I'm trying to count the amount of rows that Neo4j will return but the count (or the query) is very slow.
Version 1 (70 sec):
MATCH (person:Person)-[:HAS_ORDER]->(order:Order)
WHERE order.timestamp >= 1632434400 AND size((order)<-[:HAS_ORDER]-(:OrderLine)-[:HAS_PRODUCT]->(:Product)) <= 20
WITH order
MATCH (order)<-[:HAS_ORDER]-(:OrderLine)-[:HAS_PRODUCT]->(product:Product)
RETURN COUNT(product);
Version 2 (68 sec.):
MATCH (person:Person)-[:HAS_ORDER]->(order:Order)
WITH size((order)<-[:HAS_ORDER]-(:OrderLine)-[:HAS_PRODUCT]->(:Product)) AS amount
WHERE order.timestamp >= 1632434400 AND amount <= 20
RETURN SUM(amount)
Using Neo4j 4.4 community with about 800000 orders and about 17000000 order lines.
Is there a more efficient way to count the rows?
These are the indexes:
CREATE INDEX idx_order_torder_id FOR (n:Order) ON (n.order_id);
CREATE INDEX idx_order_timestamp FOR (n:Order) ON (n.timestamp);
CREATE INDEX idx_person_person_id FOR (n:Person) ON (n.person_id);
CREATE INDEX idx_product_product_id FOR (n:Product) ON (n.product_id);
Is it possible to remove redundant data from the query (i.e. to remove Person in first match et.c.)?
Maybe avoiding using AND, but instead use several WITH, will increase speed?
Maybe using size() function on only the product node (or on a property of the product node) will increase speed?
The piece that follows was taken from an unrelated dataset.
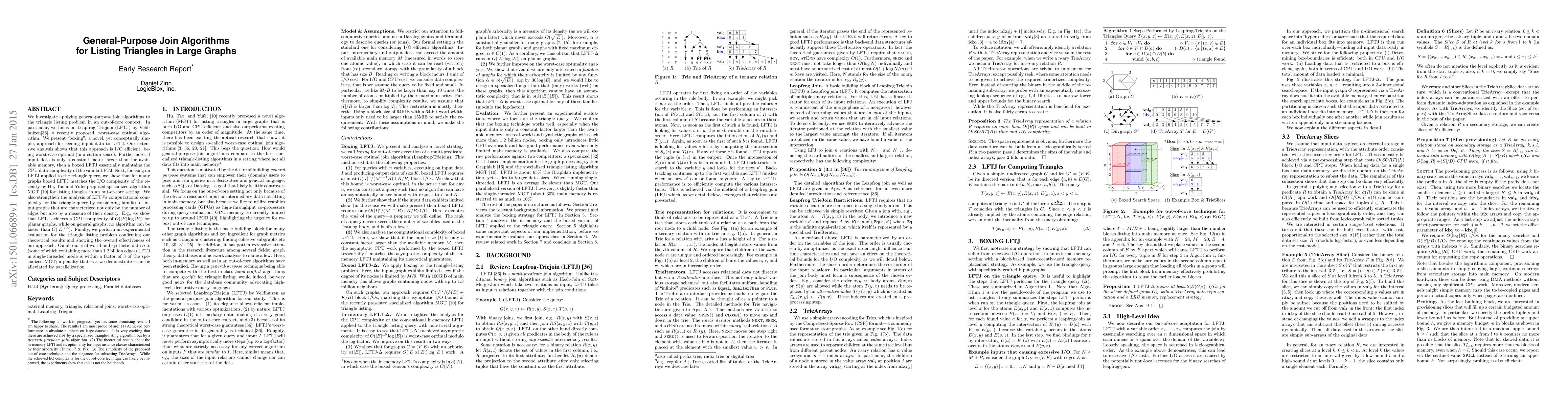 This paper explores the application of general-purpose join algorithms, specifically Leapfrog Triejoin (LFTJ), to efficiently list triangles in large out-of-core graphs. The authors introduce "boxing" to feed data to LFTJ, demonstrating its I/O efficiency and worst-case optimality. They show that LFTJ matches the I/O complexity of a specialized algorithm for many graphs and achieve O(|E|log|E|) CPU complexity for planar graphs. Experimental results confirm the theoretical findings and suggest parallelization can reduce performance penalties.

Maybe MATCH-ing on timestamp in the beginning only, will increase speed, since maybe there are not so many nodes matching this criteria (i.e. that have a higher timestamp). You already have an index on timestamp.
MATCH (order:Order)
WHERE order.timestamp >= 1632434400
WITH order
MATCH (order)<-[:HAS_ORDER]-(:OrderLine)-[:HAS_PRODUCT]->(product:Product)
WITH size(product) AS amount
WHERE amount <= 20
RETURN SUM(amount)
I guess it depends on your data. Maybe you can also refactor your data to increase speed, like this:
MATCH (order)-[:HAS_PRODUCT]->(product:Product)
It seems like your data is imported from a relational database with a many-to-many joining table, that maybe is not necessary in neo4j.
Thank you for your answer martin3. I tried your query but got an error because you can't use size on a node (product variable in this case). Instead of using size, I used count. And because every order line has one product, i can skip the counting of the relation order lines to products:
MATCH (order:Order)
WHERE order.timestamp >= 1632434400
WITH order
MATCH (order)<-[:HAS_ORDER]-(orderLine:OrderLine)
WITH COUNT(orderLine) as productCount
WHERE productCount <= 20
RETURN SUM(productCount);
This query took 0m17.342s
But i managed to snoop some seconds with the following query:
MATCH (order:Order)
WHERE order.timestamp >= 1632434400
WITH order, size((order)<-[:HAS_ORDER]-(:OrderLine)) AS amount
WHERE amount <= 20
RETURN SUM(amount);